Shortages of lumber have nearly tripled the price of lumber since mid-April 2020, according to the National Association of Home Builders.
The association estimates the price of a new single-family home will increase by more than $24,000 as a result. CNBC reports softwood lumber prices are now about 112% higher than they were a year ago.
Reps. Jim Costa, D-Fresno, and Jodey Arrington, R-Texas, sent a letter to President Joe Biden and the Department of Justice on March 4 urging the administration to respond to rising building materials prices and supply shortages.
So far, the trickle-down of high prices isn’t manifesting itself in the Central Valley. At least not yet.
Mike Prandini, president and CEO of the Building Industry Association of Fresno and Madera Counties, says homebuilders work from pre-existing contracts with lumber suppliers that may soften the blow.
“They’re still working on some supplies that they’ve ordered previously,” Prandini told GV Wire℠ by phone Monday. “But it’ll eventually get into the pricing of new homes and and affect the prices.”

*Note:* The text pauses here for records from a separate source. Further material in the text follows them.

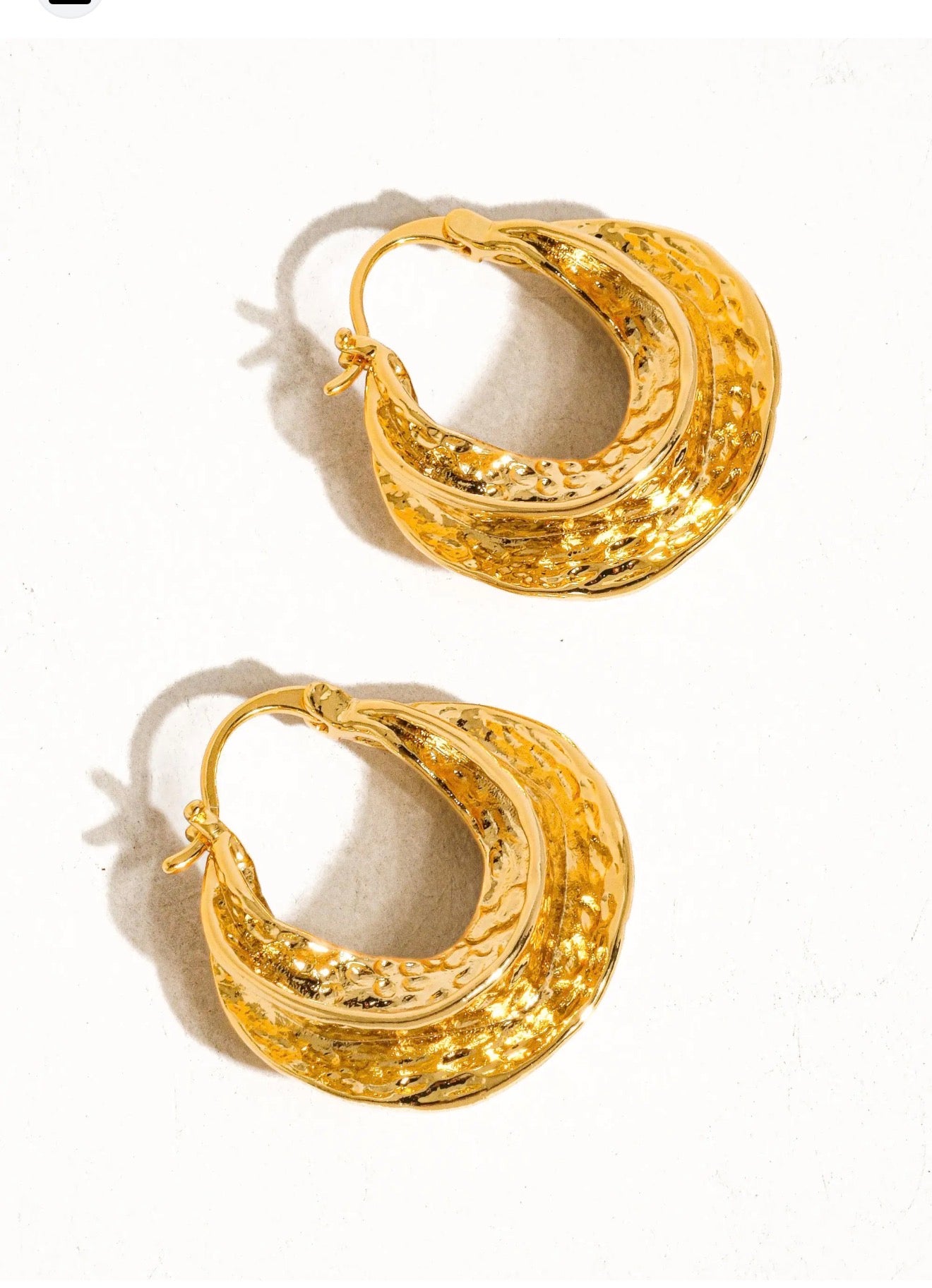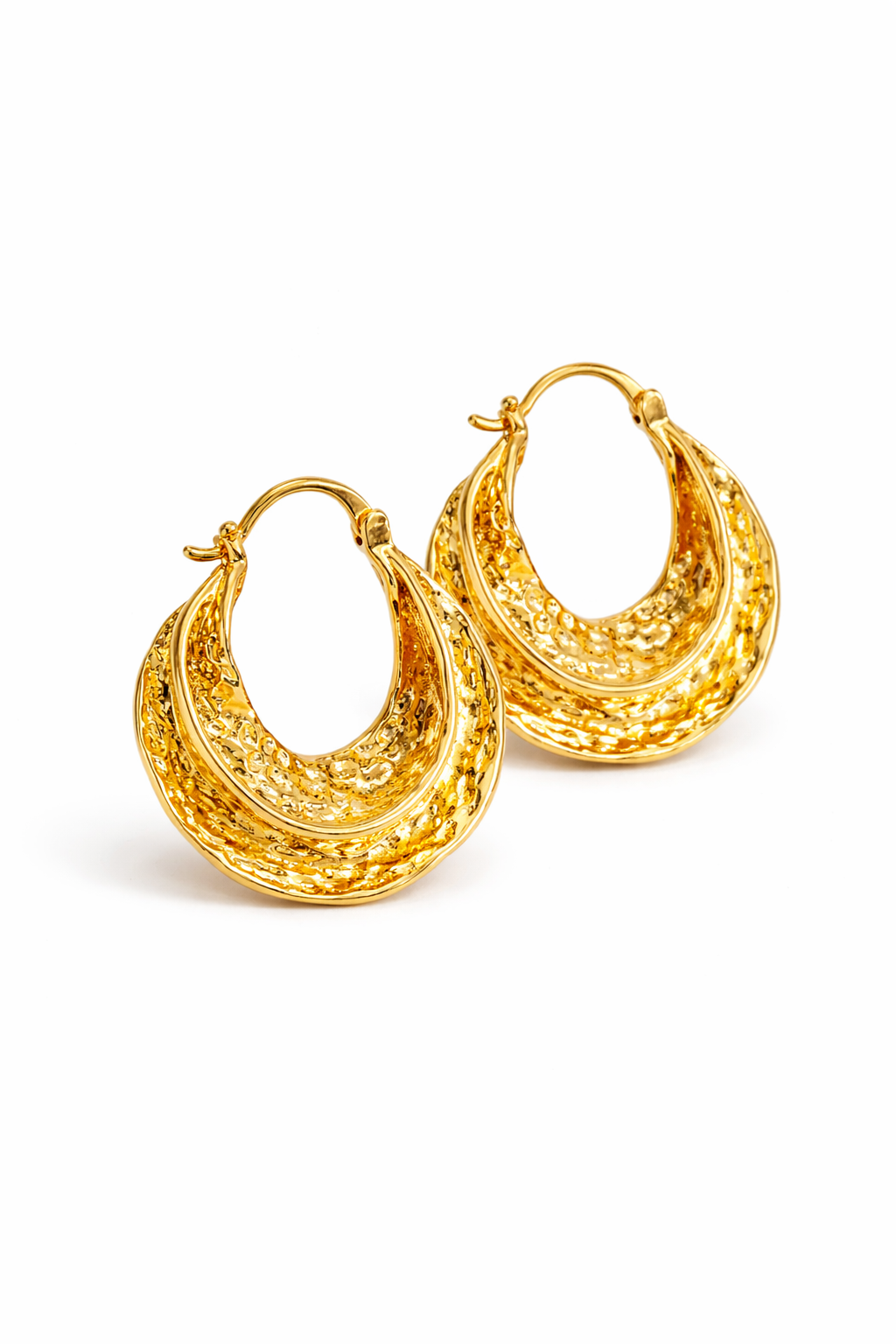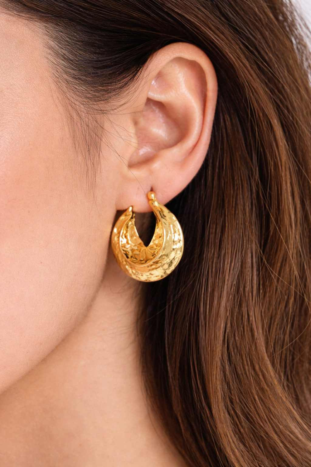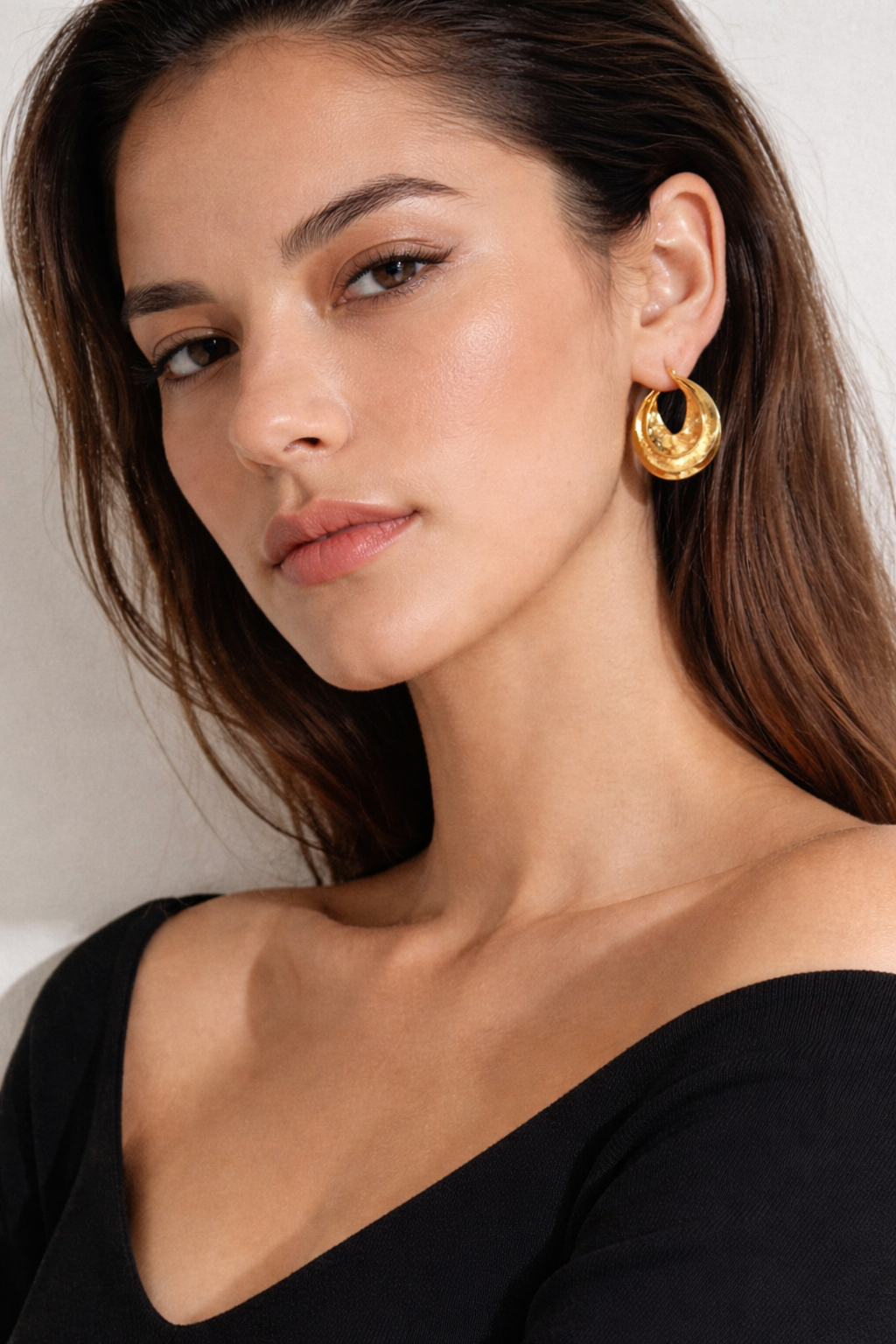 A sculptural statement, the Calista Swirl Hoop Earrings feature a fluid twisted silhouette finished in radiant gold — bold, elegant, and effortlessly chic.
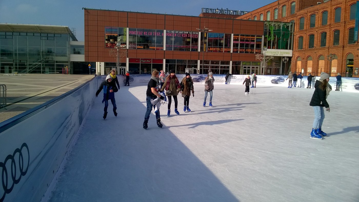 Wycieczka rozpoczęła się od pobytu na lodowisku ,,Manufaktura”. Mając do dyspozycji całe lodowisko mogliśmy obserwować wzloty i upadki nowicjuszy i zaawansowanych łyżwiarzy. Niektórzy wjeżdżali na taflę odważnie, a inni robili to trzymając się bandy, żeby mieć się, czego chwycić w najgorszym momencie. Mimo bolących kolan i kostek zabawa była niepowtarzalna. Zawsze towarzyszył wszystkim uśmiech. Zabawa na lodowisku zachęciła nas do aktywnego spędzania wolnego czasu.
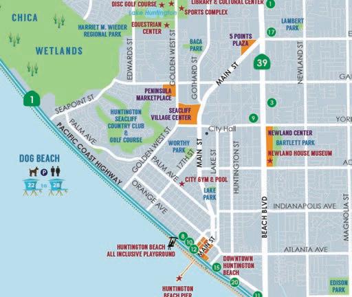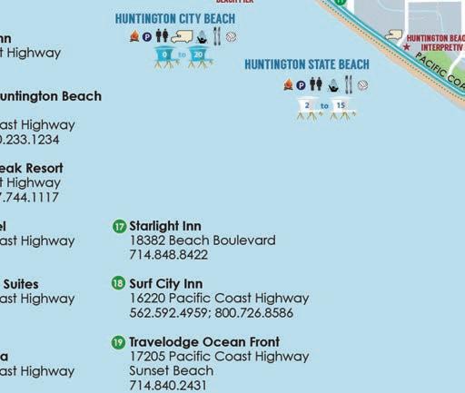Made up of 10 miles/16 km of uninterrupted beaches, Huntington Beach o ers luxurious oceanfront resorts along Pacific Coast Highway with relaxation amenities, outdoor activities, culinary experiences, and almost everything in between.
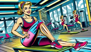 DALL·E 2024-02-16 17.47.06 – An American comic book style image of a woman doing leg slimming exercises with a bright smile on her face, positioned at the edge of the frame. The s
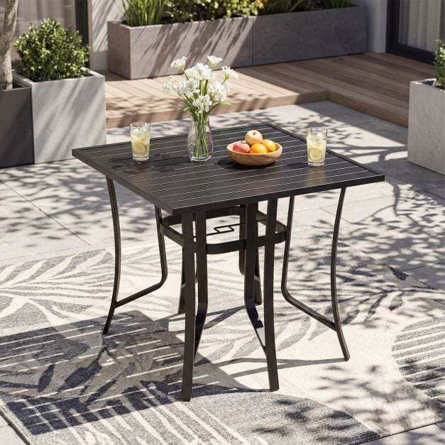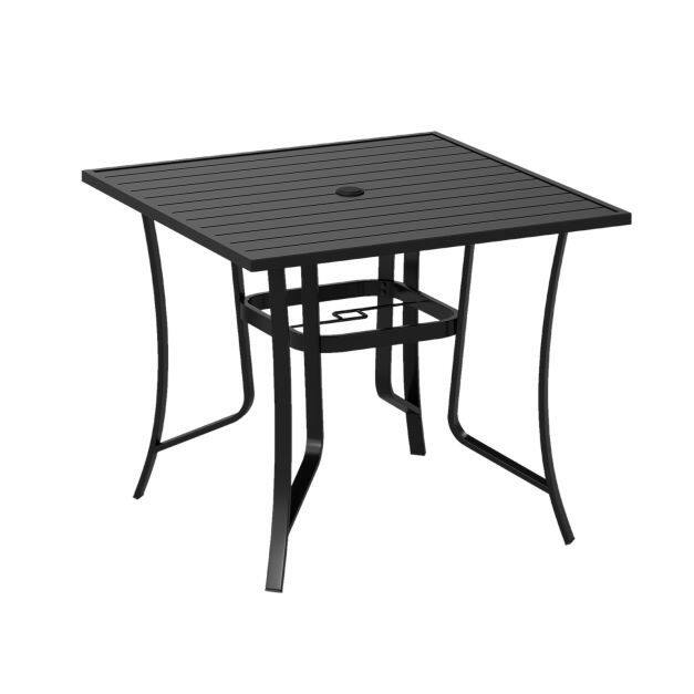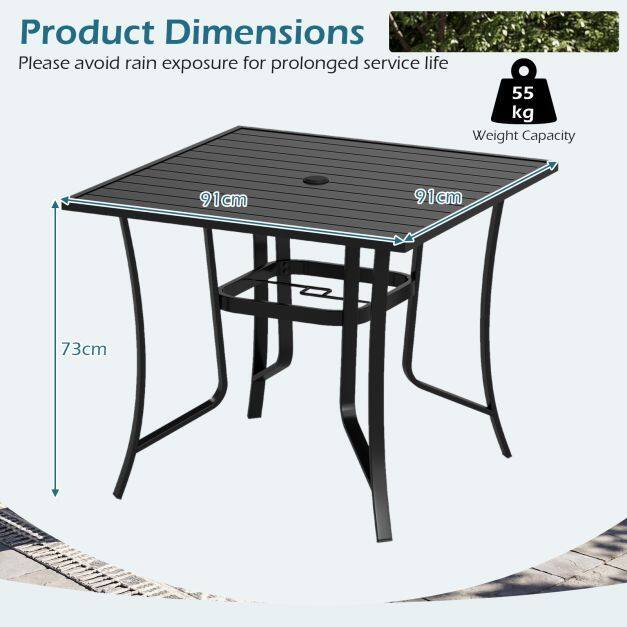 ● Sturdy Metal Construction: This outside dinner table features a robust metal frame, ensuring stable and reliable performance for daily use. Moreover, the reinforced crossbars and anti-slip foot pads allow for additional stability.
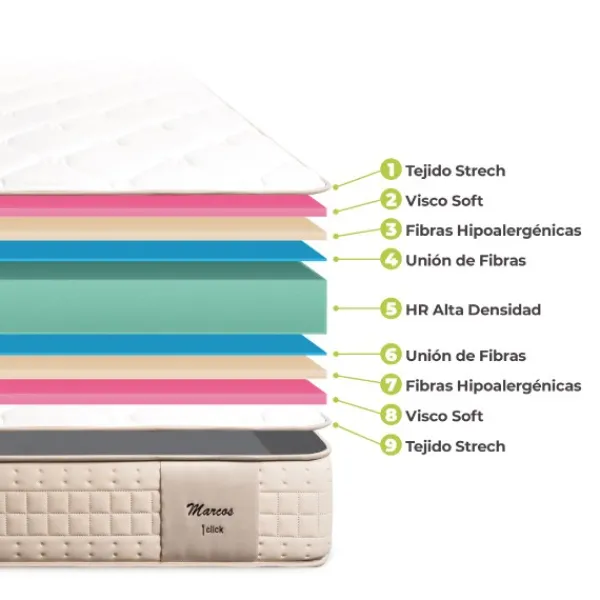 El Modelo Marcos completa la serie de colchones exclusivos de Muebles 1 Click. Destaca por su firmeza, manteniendo a la perfección la independencia de lechos, garantizando el descanso de los dos durmientes durante toda la noche.
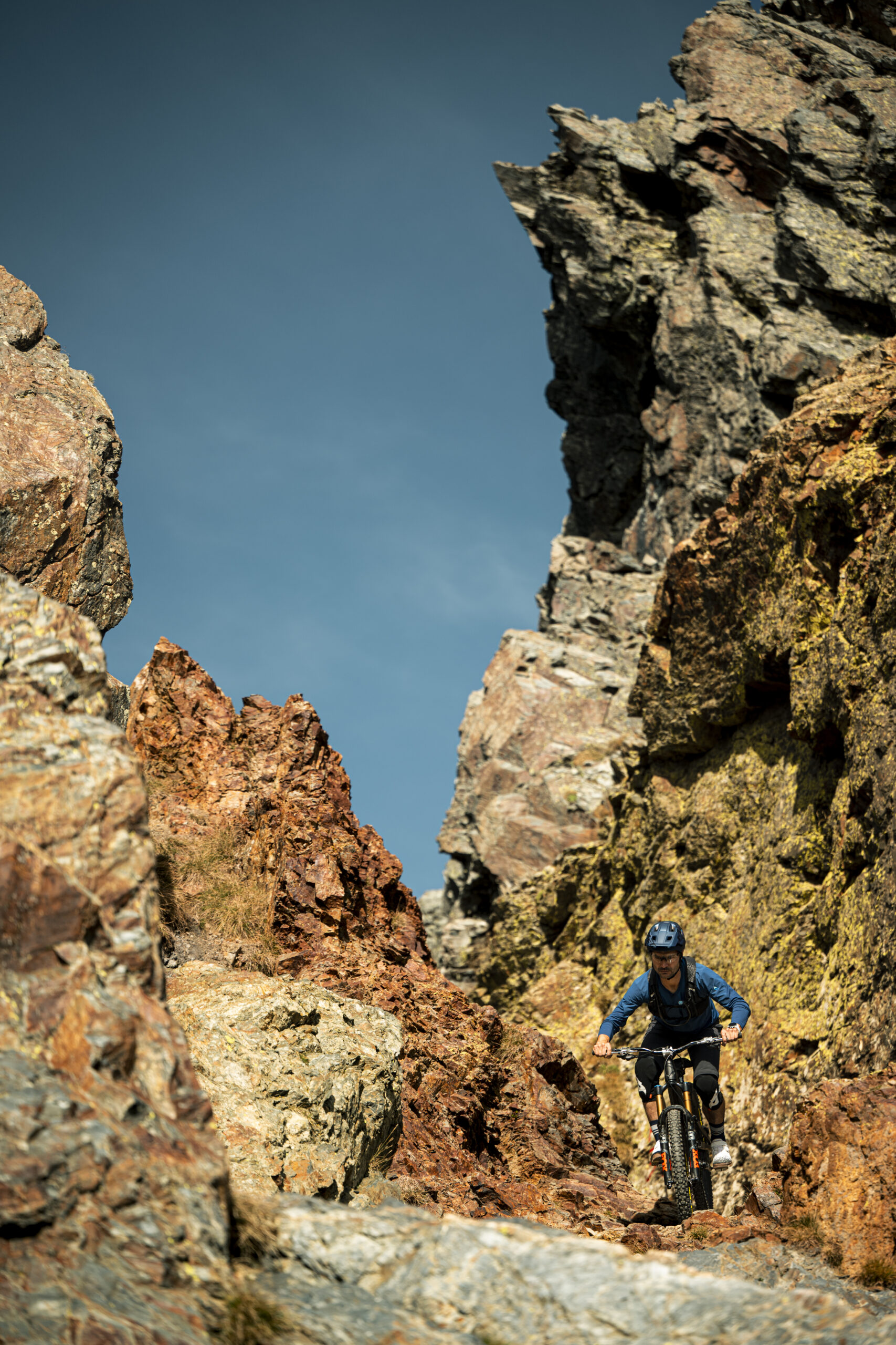 We then continue our journey through a splendid and well-maintained track allowing us to sneak amid those hostile rocks. However, it is crucial to stay careful as we start to go increasingly faster, and the wind is sometimes unpredictable on the ridges. We strongly advise against taking too many risks for it is not easy to find service and even more to find help…

“They’re still working on some supplies that they’ve ordered previously. But it’ll eventually get into the pricing of new homes and and affect the prices.” — Mike Prandini, president and CEO of the Building Industry Association of Fresno and Madera Counties
Boosting Sawmill Activity
Costa and Arrington stressed the need to boost sawmill activity in their letter to Biden and the Justice Department.
“Unfortunately, this unprecedented price increase on new homeowners, as well as homebuilders, will persist until new sawmills come online and current mills re-open and operate at full capacity,” the letter stated. “To address this issue, we ask your Administration to facilitate a discussion with all stakeholders, including sawmills, homebuilders, loggers, and distributors, to ensure all needs are met in a timely manner.”[rlic_related_post_one]
Housing Starts and Home Remodeling
Increased demand for single-family housing, much of it driven by the coronavirus pandemic, has housing starts up 30% year over year, according to the U.S. Census. That is part of the issue on the demand side.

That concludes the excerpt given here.